Di Rosanna Marotta Pasquinelli
Dopo il notevole interesse suscitato al Meeting di Rimini dell’agosto 2023, viene riproposta in varie località del nord Italia la mostra itinerante “Azer, l’impronta di Dio. Un monastero nel cuore della Siria”. Partita da Milano presso il Monastero San Benedetto di via Bellotti (fino al 28 gennaio 2024), prosegue a Udine, Cesena, Besana Brianza, Varese, Luino e Brescia.
L’esposizione è multimediale e racconta l’esperienza di un gruppetto di suore trappiste che nel 2005 partono da Valserena (Pisa) per fondare un nuovo monastero in Siria sulla collina di Azer, vicino al confine con il Libano.
La storia del monastero
In realtà le suore avrebbero desiderato fondare il loro nuovo monastero in Algeria: per raccogliere l’eredità dei monaci – anch’essi trappisti – di Thibirine, rapiti e uccisi nel 1996, allo scopo di mantenere vivo il carisma cistercense (i trappisti sono cistercensi di stretta ossevanza) in terra araba. L’Abate generale dell’Ordine invece respinse questa loro proposta, a causa della situazione politica in Algeria e propose invece la Siria, sia in quanto culla del monachesimo sia perché esempio di convivenza pacifica tra genti e religioni diverse: tale è rimasta almeno fino all’alba del terzo millennio, quando le suore giunsero ad Azer.
Poi nel marzo del 2011 è scoppiata la guerra, causando devastazioni enormi e morti infinite e il conseguente esodo di milioni di persone, soprattutto cristiani, ridotti ora a essere l’1 % dal 10 % che erano nei primi anni 2000. Quindi il Covid nel 2020, un’epidemia di colera nel 2022 e il devastante terremoto del febbraio 2023. Ma tutto questo non ha scoraggiato le religiose che con la loro presenza orante e laboriosa – in linea con la Regola di San Benedetto – hanno continuato a aiutare la comunità locale e, soprattutto, a essere testimoni di speranza viva.
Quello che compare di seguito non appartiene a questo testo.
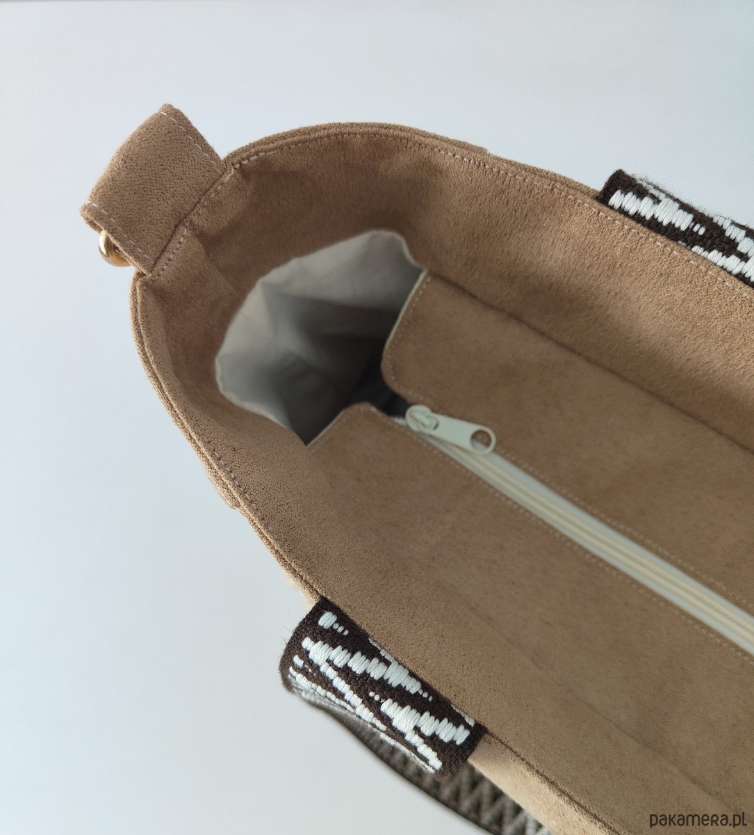 Wewnątrz bawełniana podszewka oraz kieszonka zapinana na ekspres umieszczona na tylnej ścianie.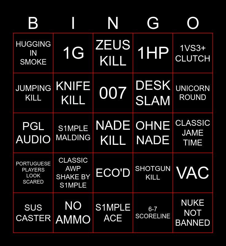 This bingo card has 25 words: PORTUGUESE PLAYERS LOOK SCARED, NO AMMO, NADE KILL, 6-7 SCORELINE, 1VS3+ CLUTCH, HUGGING IN SMOKE, 1G, ZEUS KILL, OHNE NADE, VAC, JUMPING KILL, KNIFE KILL, S1MPLE ACE, SHOTGUN KILL, UNICORN ROUND, SUS CASTER, S1MPLE MALDING, 007, DESK SLAM, CLASSIC JAME TIME, PGL AUDIO, CLASSIC AWP SHAKE BY S1MPLE, ECO'D, 1HP and NUKE NOT BANNED.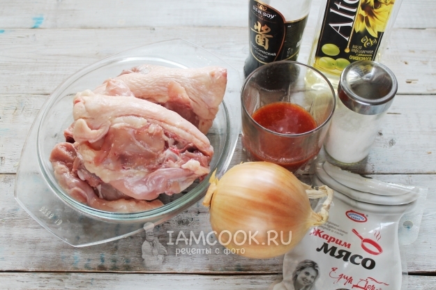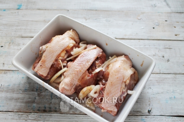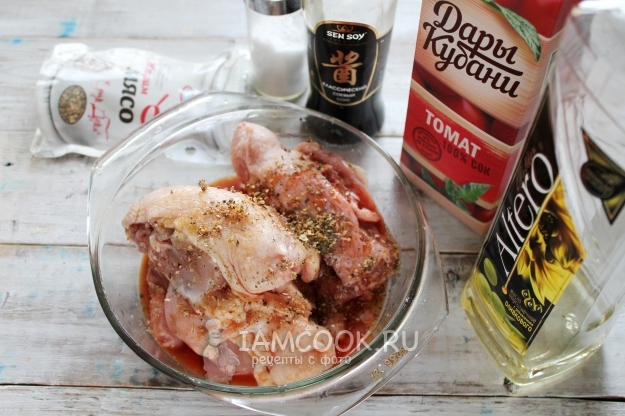 Куриные спинки сложите в кастрюлю, добавьте томатный сок, соевый соус (1 ст.л.), соль и пряности для мяса. Чуть сбрызните маслом. Оно добавит румяности. Нарежьте крупно лук и тоже добавьте в маринад. Перемешайте все и поставьте в холодильник (от 15 минут до нескольких часов, в зависимости от времени приготовления).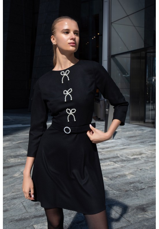 Это чёрное платье — воплощение классической элегантности с современными акцентами. Сшито из премиальной ткани, имеет приталенный силуэт с мягким расклёшенным низом и акцентным поясом с декоративной жемчужной пряжкой. Главная деталь — ручная вышивка в виде трёх жемчужных бантиков на лифе, которые создают утончённый акцент. Рукава ¾ делают платье универсальным для дневных мероприятий и вечерних выходов.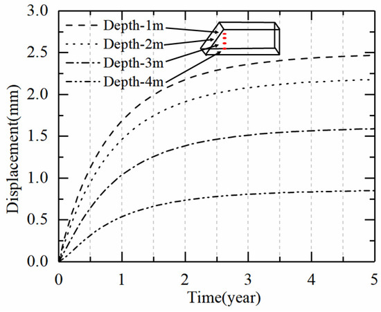 Spontaneous combustion of coal gangue is the main driver of surface subsidence in gangue mountain. Duan et al. [28] pointed out that due to the long years of burning coal gangue, the internal temperature is very high, and the combustible materials are generally calcined into ashes, resulting in the formation of internal cavities of different sizes. In this way, there is constant gangue burnt to ashes, and the small cavities are interconnected due to combustion, gradually changing from small to large and forming an arch. The temperature inside the arch shell is high when encountering a large amount of rainfall; the rain meets the high-temperature gangue and instantly turns into water vapor. When the energy builds up to a certain extent, and the pressure is more than the gangue mountain surface can withstand, it may result in a geological disaster. As the coal gangue burns out, the voids formed internally become increasingly larger and more numerous, potentially leading to the development of arch-shaped structures within the gangue mountain. Therefore, spontaneous combustion of coal gangue hills may induce displacement within the structure, affecting their overall stability. To investigate the internal displacement caused by coal gangue combustion, four measurement points were selected vertically at 1 m intervals from top to bottom in high-temperature zones of the gangue hill. As shown in Figure 5, thermal expansion under rising temperatures drives outward displacement and lateral expansion of the hill. Meanwhile, temperature variations between combustion-affected and unaffected areas result in differential displacement magnitudes. This phenomenon may create elevation differences at the hilltop, potentially leading to uneven ground surface displacement.

Un importante strumento per sostenere la comunità è proprio l’opera costruttiva, perché le suore si avvalgono di maestranze locali e in questo modo offrono opportunità di lavoro e, a chi non lo conosce, di imparare il mestiere. Al momento il complesso monastico è costituito da un primo edificio già completato, che è chiamato “il monasterino” e comprende i locali di abitazione delle suore, la cappella e i laboratori (dove viene prodotto soprattutto il rinomato sapone di Aleppo), nonché alcune costruzioni a forma di trullo adibite a foresteria destinata sia a ospiti temporanei sia a famiglie del luogo temporaneamente prive di una loro casa. Il tutto è circondato da un bellissimo giardino fiorito, a testimonianza di come l’opera umana può trasformare anche il deserto più brullo, con l’aiuto di Dio. Quando sarà completata anche a parte in corso di realizzazione sarà chiaro come la sua architettura si ispira a quella dell’Abbazia medievale cistercense di Le Thoronet, in Provenza.
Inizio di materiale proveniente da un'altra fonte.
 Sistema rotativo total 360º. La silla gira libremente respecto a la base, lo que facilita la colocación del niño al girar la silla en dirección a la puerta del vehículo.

A chi obietta che in una terra martoriata come la Siria le risorse (materiali da costruzione, denaro, tempo…) dovrebbero invece essere impiegate per riedificare quanto è andato distrutto a seguito della guerra, le suore rispondono secondo la stessa logica che porta Maria di Betania a versare balsamo profumato sui piedi di Gesù (Lc 10, 38-42): tutto è per il Signore, come lo è la vita monastica, e ciò che ha più bisogno di essere ricostruita, prima degli edifici, è la speranza.
Ne sono consapevoli gli abitanti dei villaggi vicini, sia cristiani sia musulmani, che considerano loro amiche le suore e spesso usano il bel giardino del monastero per fare le foto dei matrimoni, ovviamente anche se di rito islamico.